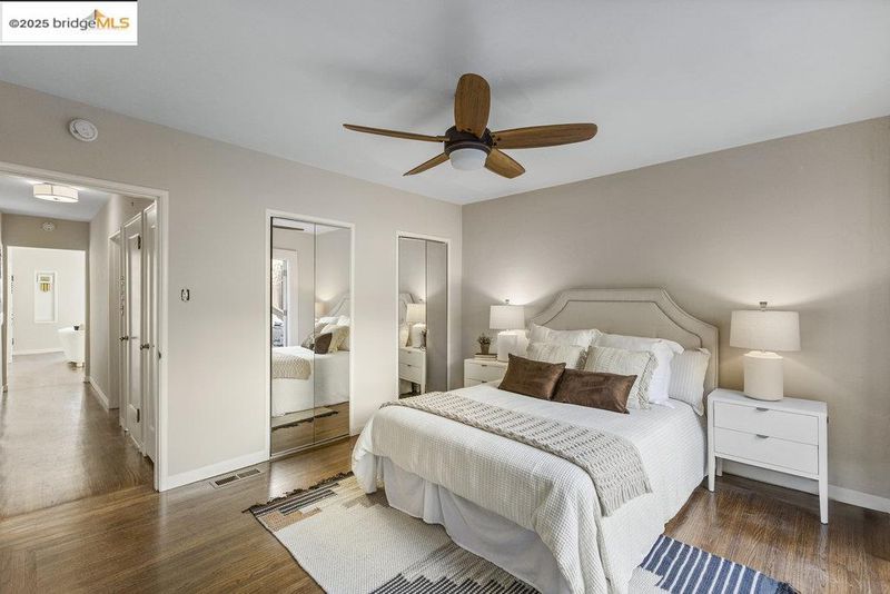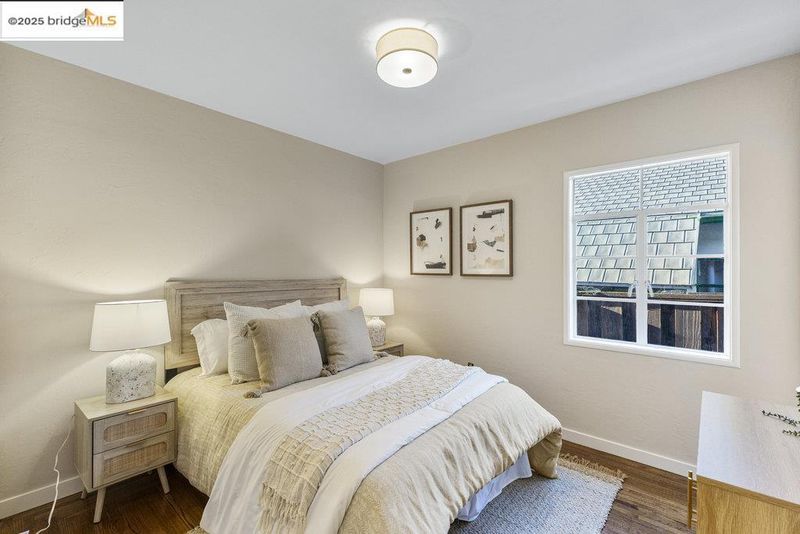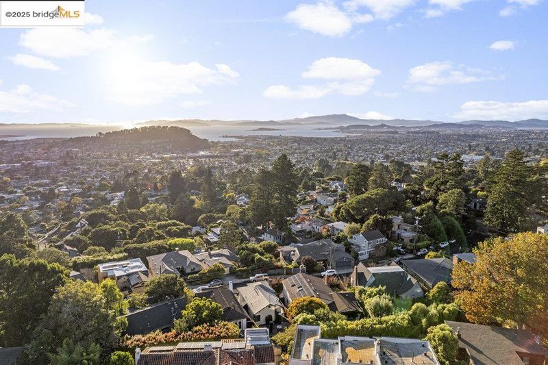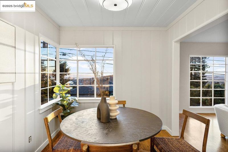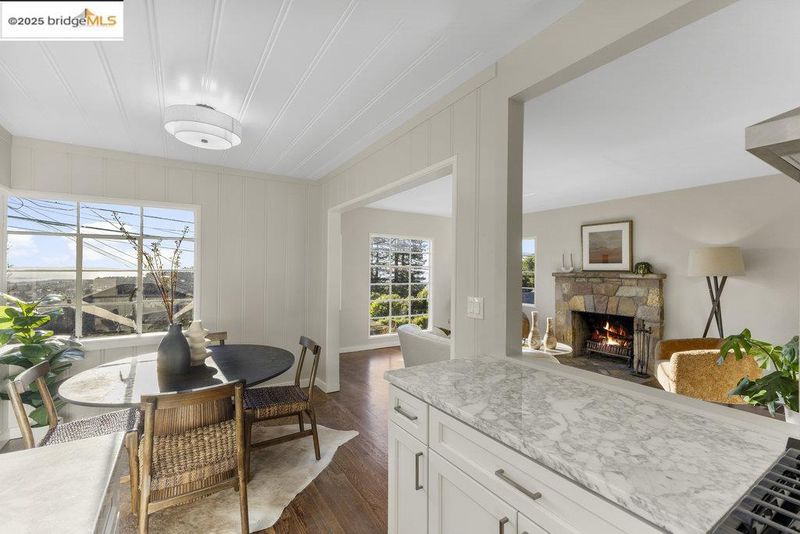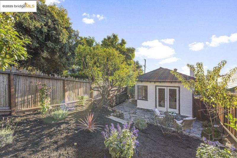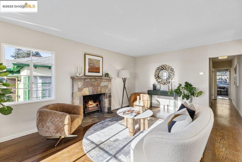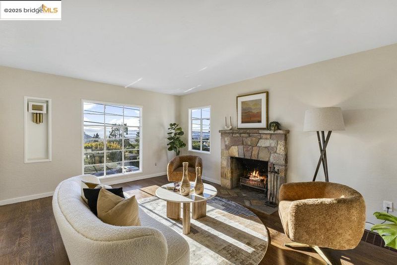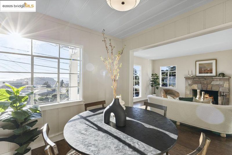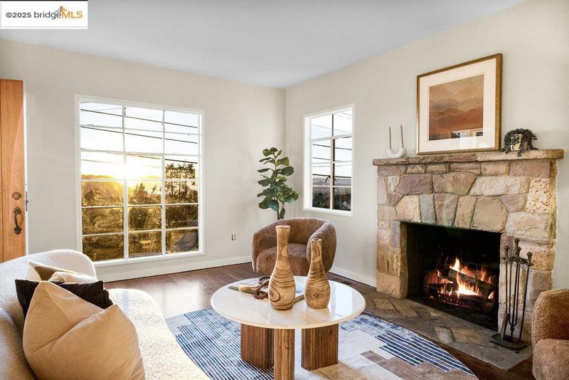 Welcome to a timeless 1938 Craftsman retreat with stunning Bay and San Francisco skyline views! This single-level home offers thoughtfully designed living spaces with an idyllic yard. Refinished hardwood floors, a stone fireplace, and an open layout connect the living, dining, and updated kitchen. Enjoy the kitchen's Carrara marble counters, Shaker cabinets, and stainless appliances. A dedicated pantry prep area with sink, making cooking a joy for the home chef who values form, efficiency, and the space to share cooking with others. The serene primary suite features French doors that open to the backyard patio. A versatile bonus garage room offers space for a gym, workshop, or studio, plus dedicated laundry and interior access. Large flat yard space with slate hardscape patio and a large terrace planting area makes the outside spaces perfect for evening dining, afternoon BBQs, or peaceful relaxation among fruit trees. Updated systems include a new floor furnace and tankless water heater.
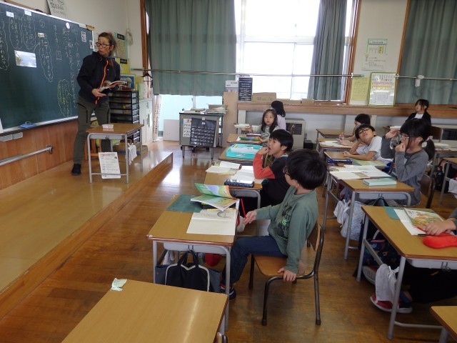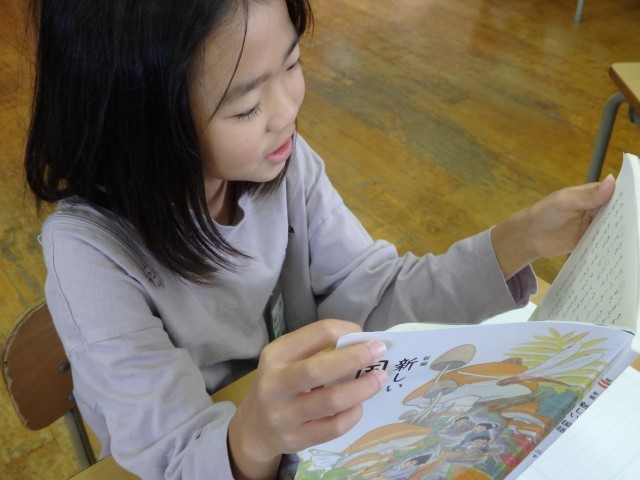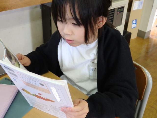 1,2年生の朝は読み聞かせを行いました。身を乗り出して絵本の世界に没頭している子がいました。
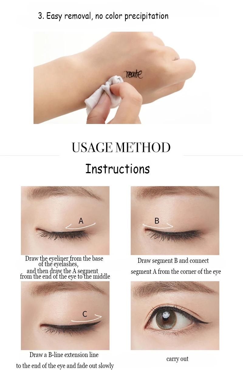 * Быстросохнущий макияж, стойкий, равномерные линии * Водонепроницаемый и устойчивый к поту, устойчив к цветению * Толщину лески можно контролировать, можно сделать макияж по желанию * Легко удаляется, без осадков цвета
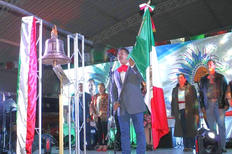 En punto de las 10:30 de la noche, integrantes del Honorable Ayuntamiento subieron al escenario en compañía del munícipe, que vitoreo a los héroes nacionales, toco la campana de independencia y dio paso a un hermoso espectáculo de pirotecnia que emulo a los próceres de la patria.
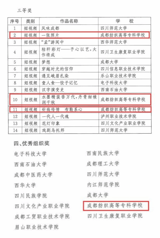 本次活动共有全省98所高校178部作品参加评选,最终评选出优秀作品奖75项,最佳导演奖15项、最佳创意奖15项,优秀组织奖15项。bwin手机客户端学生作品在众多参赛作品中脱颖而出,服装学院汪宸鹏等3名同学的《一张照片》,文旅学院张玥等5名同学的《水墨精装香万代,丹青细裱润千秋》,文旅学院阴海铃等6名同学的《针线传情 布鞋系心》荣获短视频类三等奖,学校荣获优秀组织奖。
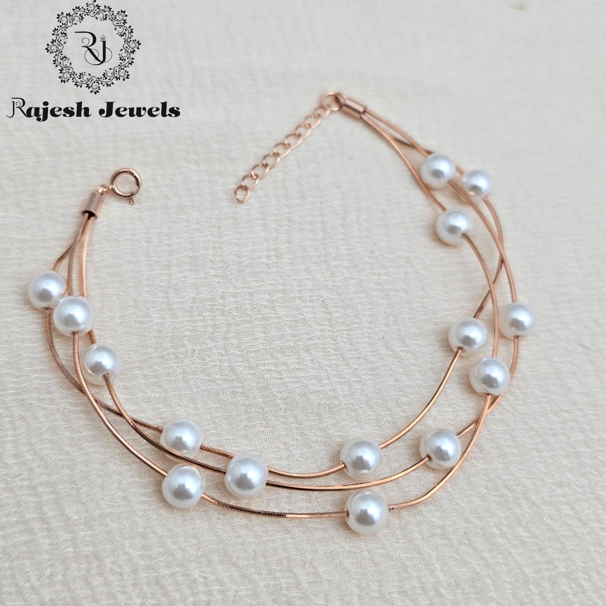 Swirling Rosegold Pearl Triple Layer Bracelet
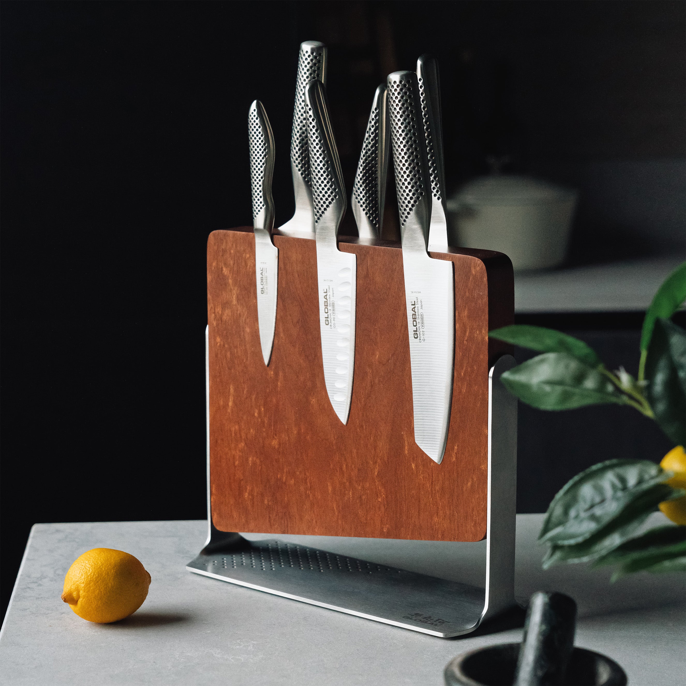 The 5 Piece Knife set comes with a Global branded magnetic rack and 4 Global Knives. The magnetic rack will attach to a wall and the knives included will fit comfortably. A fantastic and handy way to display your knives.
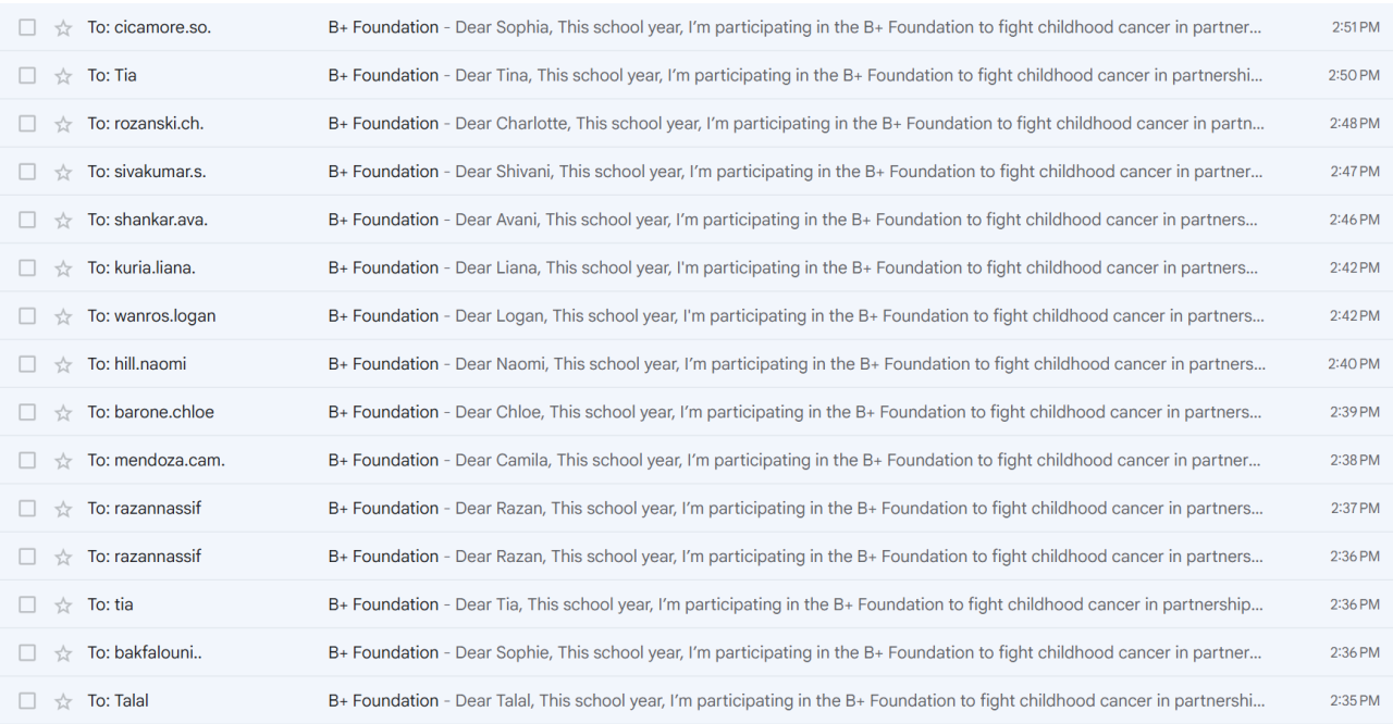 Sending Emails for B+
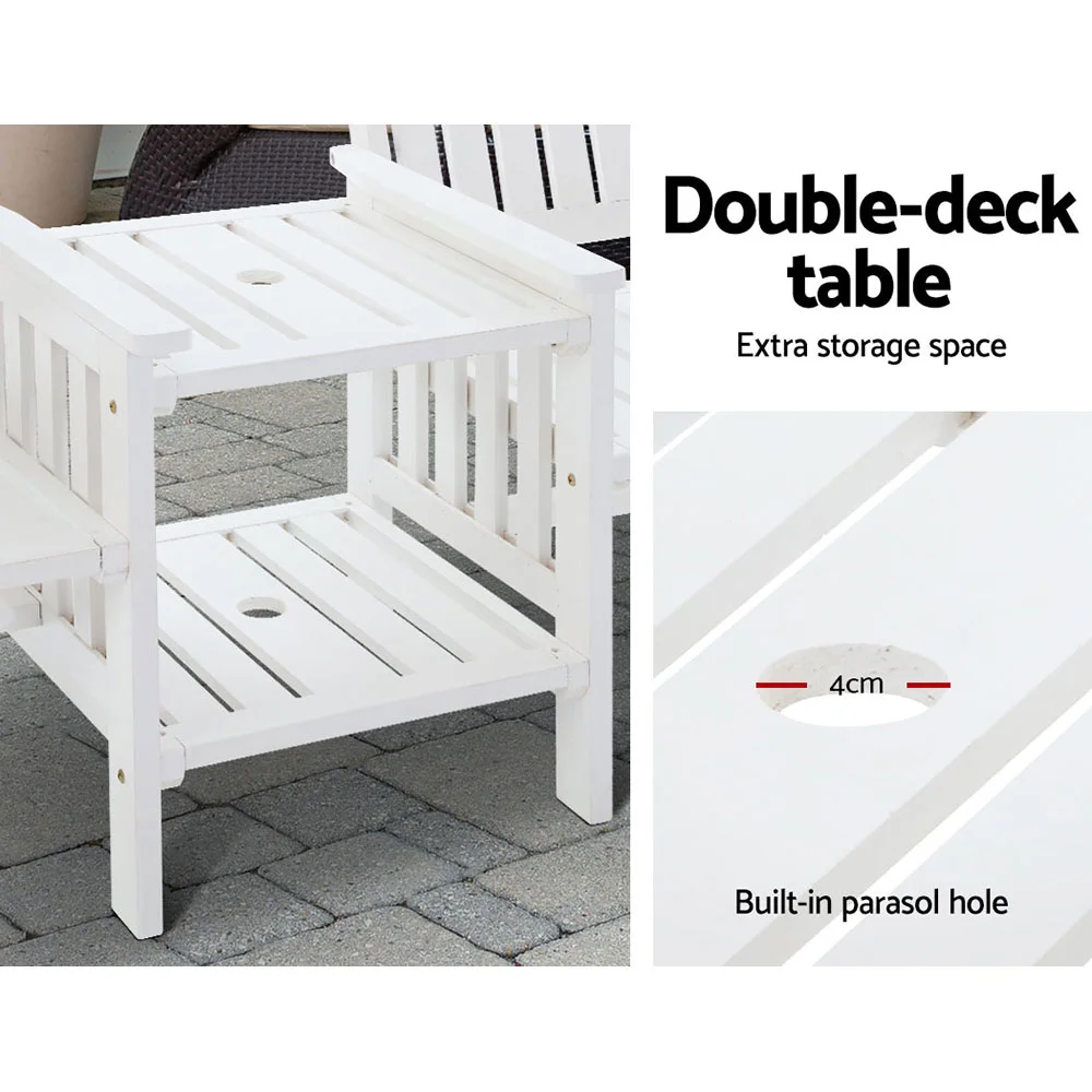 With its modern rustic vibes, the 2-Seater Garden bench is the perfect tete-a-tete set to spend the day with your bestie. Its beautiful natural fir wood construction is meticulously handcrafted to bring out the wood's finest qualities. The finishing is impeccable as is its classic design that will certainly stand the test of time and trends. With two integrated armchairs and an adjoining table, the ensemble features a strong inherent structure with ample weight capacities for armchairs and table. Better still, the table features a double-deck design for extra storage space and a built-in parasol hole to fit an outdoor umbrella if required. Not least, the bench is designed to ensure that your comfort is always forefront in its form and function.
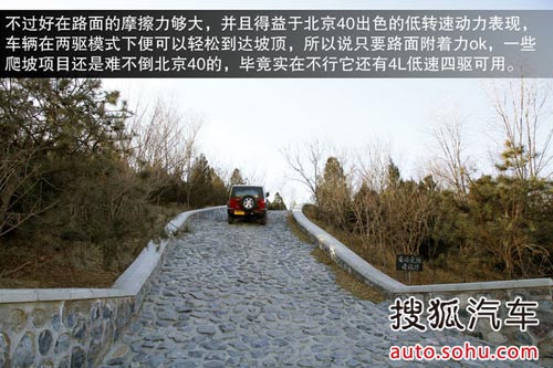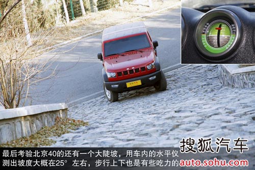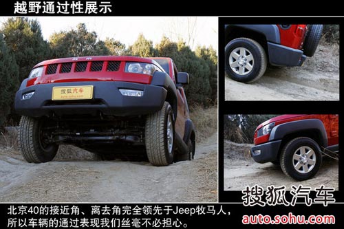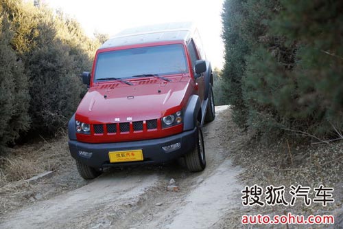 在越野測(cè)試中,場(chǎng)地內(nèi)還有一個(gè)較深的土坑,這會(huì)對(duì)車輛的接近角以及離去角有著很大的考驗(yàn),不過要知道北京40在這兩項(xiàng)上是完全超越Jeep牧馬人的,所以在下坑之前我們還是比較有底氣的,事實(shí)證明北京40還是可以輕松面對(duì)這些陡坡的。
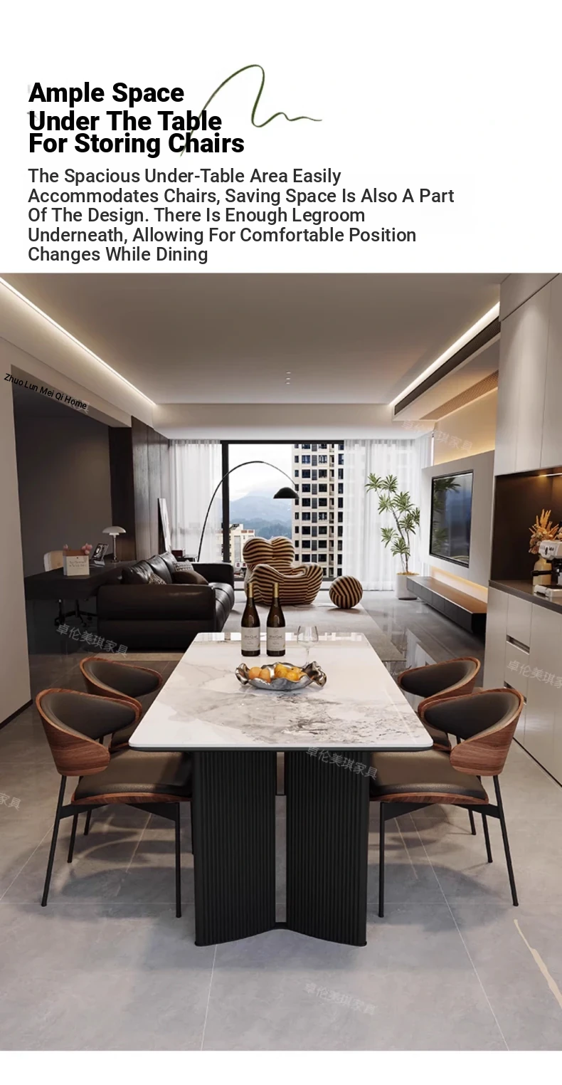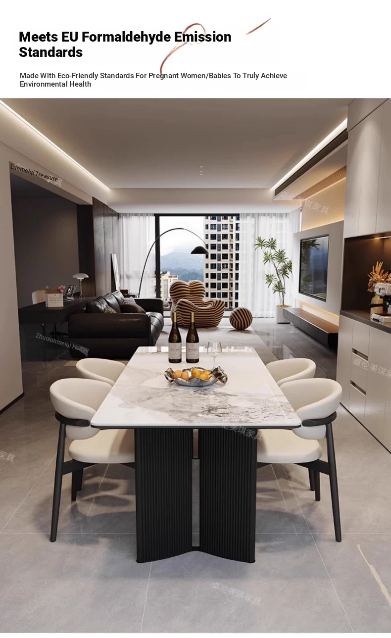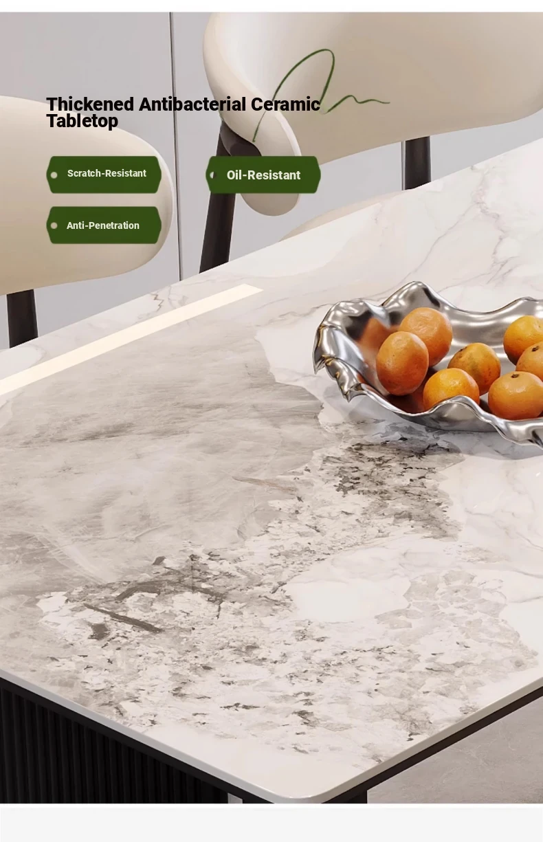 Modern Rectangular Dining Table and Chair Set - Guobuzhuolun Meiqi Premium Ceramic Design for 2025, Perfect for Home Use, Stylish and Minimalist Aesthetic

═══

In the listing above, retype exactly, and only, the lines from the one containing "En punto de" through the last line, both included. Omit the pictures.

RESULT OF THE EXERCISE:
 En punto de las 10:30 de la noche, integrantes del Honorable Ayuntamiento subieron al escenario en compañía del munícipe, que vitoreo a los héroes nacionales, toco la campana de independencia y dio paso a un hermoso espectáculo de pirotecnia que emulo a los próceres de la patria.
 本次活动共有全省98所高校178部作品参加评选,最终评选出优秀作品奖75项,最佳导演奖15项、最佳创意奖15项,优秀组织奖15项。bwin手机客户端学生作品在众多参赛作品中脱颖而出,服装学院汪宸鹏等3名同学的《一张照片》,文旅学院张玥等5名同学的《水墨精装香万代,丹青细裱润千秋》,文旅学院阴海铃等6名同学的《针线传情 布鞋系心》荣获短视频类三等奖,学校荣获优秀组织奖。
 Swirling Rosegold Pearl Triple Layer Bracelet
 The 5 Piece Knife set comes with a Global branded magnetic rack and 4 Global Knives. The magnetic rack will attach to a wall and the knives included will fit comfortably. A fantastic and handy way to display your knives.
 Sending Emails for B+
 With its modern rustic vibes, the 2-Seater Garden bench is the perfect tete-a-tete set to spend the day with your bestie. Its beautiful natural fir wood construction is meticulously handcrafted to bring out the wood's finest qualities. The finishing is impeccable as is its classic design that will certainly stand the test of time and trends. With two integrated armchairs and an adjoining table, the ensemble features a strong inherent structure with ample weight capacities for armchairs and table. Better still, the table features a double-deck design for extra storage space and a built-in parasol hole to fit an outdoor umbrella if required. Not least, the bench is designed to ensure that your comfort is always forefront in its form and function.
 在越野測(cè)試中,場(chǎng)地內(nèi)還有一個(gè)較深的土坑,這會(huì)對(duì)車輛的接近角以及離去角有著很大的考驗(yàn),不過要知道北京40在這兩項(xiàng)上是完全超越Jeep牧馬人的,所以在下坑之前我們還是比較有底氣的,事實(shí)證明北京40還是可以輕松面對(duì)這些陡坡的。
 Modern Rectangular Dining Table and Chair Set - Guobuzhuolun Meiqi Premium Ceramic Design for 2025, Perfect for Home Use, Stylish and Minimalist Aesthetic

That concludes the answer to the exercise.